Sample Classification by Individual fT4 SSC Range and Age-Specific Reference Ranges

The 95% CI of fT4 and TSH age-specific reference ranges were 14.4–30.2 pmol/l and 0.42–6.02 mU/l, respectively. The proportion of euthyroid, OT, and UT follow-up samples of the in total 1170 samples from period 0–24 mo considerably differed for the three methods that were applied. The proportions for fT4 SSC's were 771, 219, and 180, respectively; for the age specific fT4 reference range 957, 110, and 103, respectively; and for the age specific TSH reference range 481, 130, and 559, respectively (P < 0.001). In Figure 1 , OT and UT control samples, relative to the individual fT4 SSC range, are shown and compared with the fT4 and TSH age-specific reference ranges. The fT4 and TSH age-specific reference ranges missed 50 and 41%, respectively, of the OT episodes, found by the fT4 SSC’s. Consequently, the reference ranges recognized fewer OT patients than did the fT4 SSC’s. Group OT/Over ( Table 1 ) contained 38 patients, the group OT/No Over contained 11 patients, indicating that the fT4 age-specific reference range method missed 11 of the 49 over-treated patients (22%). In the repeated measurements ANOVA ( Table 1 ), the interaction term age*fT4 SSC was highly significant (P = 0.007), while the interaction term age*fT4 age-specific reference range was insignificant (P = 0.190). The analysis yielded lower intelligence quotients at age 11 (IQ11’s) and significantly larger decreases in development scores in the period 1.8–11 y for the groups OT/Over and OT/No Over than for the groups No OT/Over and No OT/No Over.

Figure 1
figure 1

Visualization of differences in sample classification between steady-state concentrations (SSC) method and age-specific reference range method. Symbols represent CH follow-up fT4 and TSH determinations of period 0–24 mo after initiation of therapy. 1,170 blood samples were drawn. Euthyroid determinations are omitted for better visualization: plotted are only those determinations that were classified relative to the fT4 SSC’s as over-treated (OT, indicated with crosses) and under-treated (UT, indicated with open circles), defined as fT4 concentrations above/below the individual +2 SD/−2 SD range, respectively.
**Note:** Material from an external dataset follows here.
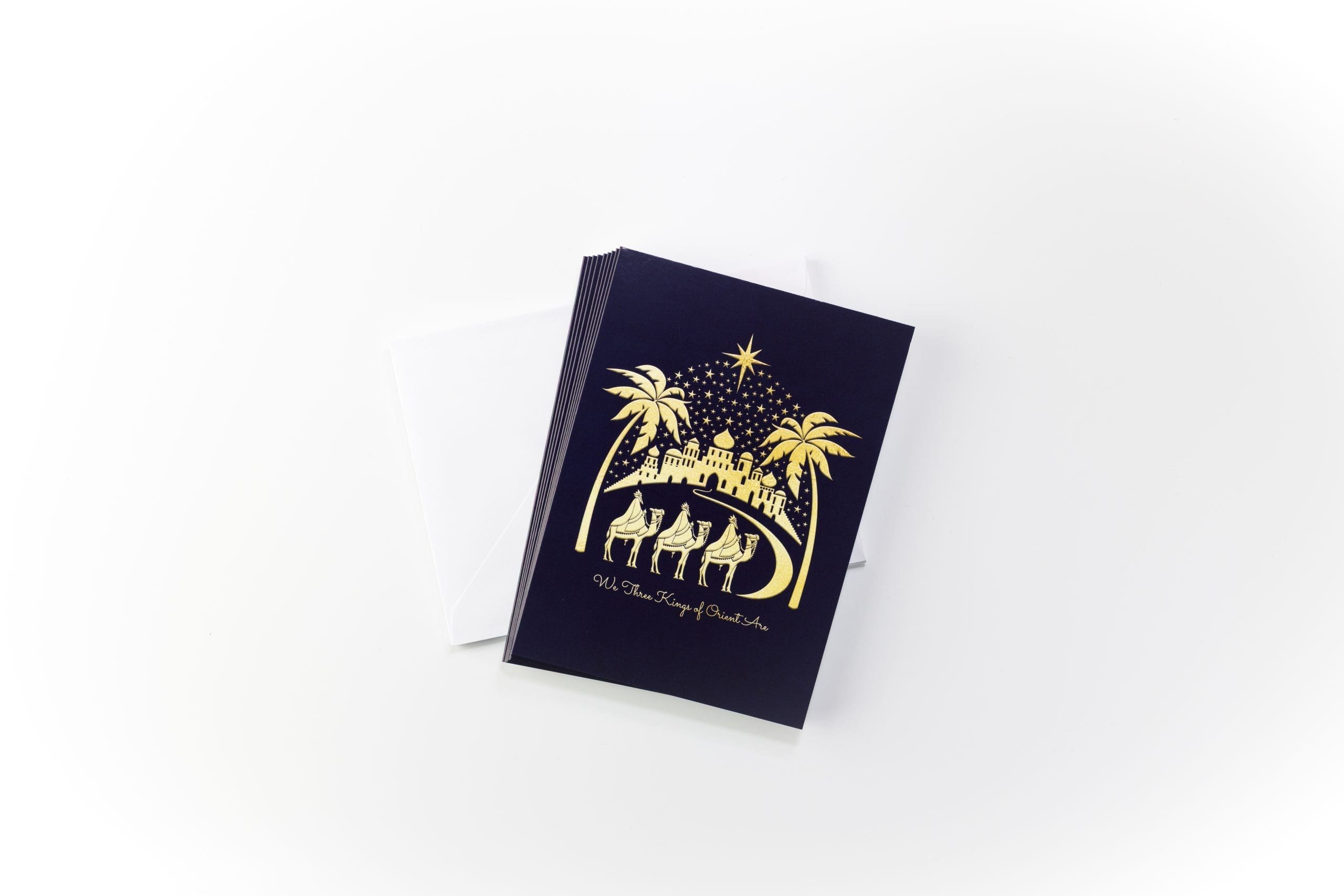 We Three Kings of Orient Are’ Christmas Cards – Pack of 10. Inside message: ‘Wishing you a Merry Christmas and a Happy New Year’

Horizontal (log TSH) and vertical (fT4) solid lines represent age-specific reference lines, based on a cohort of 208 healthy infants aged 9 d–24 mo. The striking feature of Figure1 is the large number of high TSH values in the OT samples, i.e., the failure of high fT4 levels to suppress TSH, illustrating the dysfunction in CH newborns of the TSH feedback system by high fT4 levels in the first 24 mo. Only 34% (n = 51) of the total 152 OT samples with a TSH value > −2 SD originated from the initial period.

PowerPoint slide

Table 1 Effect of two different sample classification methods (SSC method and age specific reference range method) on eventual cognitive outcome (mean (SEM))*,a

Influence of Over and Under-Treatment on Development Scores

The characteristics of the three OT 0–5 mo groups are shown in Table 2 . Mean fT4 concentration and total OT duration were in the severe OT group higher than in the two other groups. The analysis of the developmental scores with the groups OT/UT 0–5 mo and OT/UT 6 mo to 6 y, as well as their interaction with age as predictors ( Table 3 ), showed lower IQ11 scores for the five OT groups than for the No OT group. All five OT groups displayed, in contrast to the No OT group, decreasing cognitive scores in the period 1.8–11 y; statistically significant were the decreasing scores of the two severe OT 0–5 mo groups and that of the mild OT 0–5 mo with OT 6 mo to 6 y group. The lowest IQ11’s were found for severe OT 0–5 mo without OT 6 mo to 6 y (73.1 (13.6)), the highest IQ11’s for no OT in the period 0–6 y (112.5 (15.4)). Patients with severe OT 0–5 mo had a 5.5 (95% CI: 1.63; 18.21) fold higher risk of an IQ11 < 85 than did the other patients (P = 0.006). OT 0–5 mo was strongly associated with the decrease in development scores in the period 1.8–11 y (r = 0.433, P < 0.001), OT 6 mo to 6 y with the decrease in period 6–11 y (r = 0.340, P = 0.007) ( Table 3 ). The same analysis for UT ( Table 3 ) yielded differences in IQ11 scores and significant changes in development scores from 1.8 to 11 y, but they were not related to the severity of UT 0–5 mo. At the moment of testing at ages 1.8, 6, and 11 y 5, 3, and one in “n” patients, respectively, were hypothyroid, relative to the SSC method, and 1, 5, and 2 patients, respectively, hyperthyroid. Thyroid status at testing did not significantly influence overall test results (data not shown).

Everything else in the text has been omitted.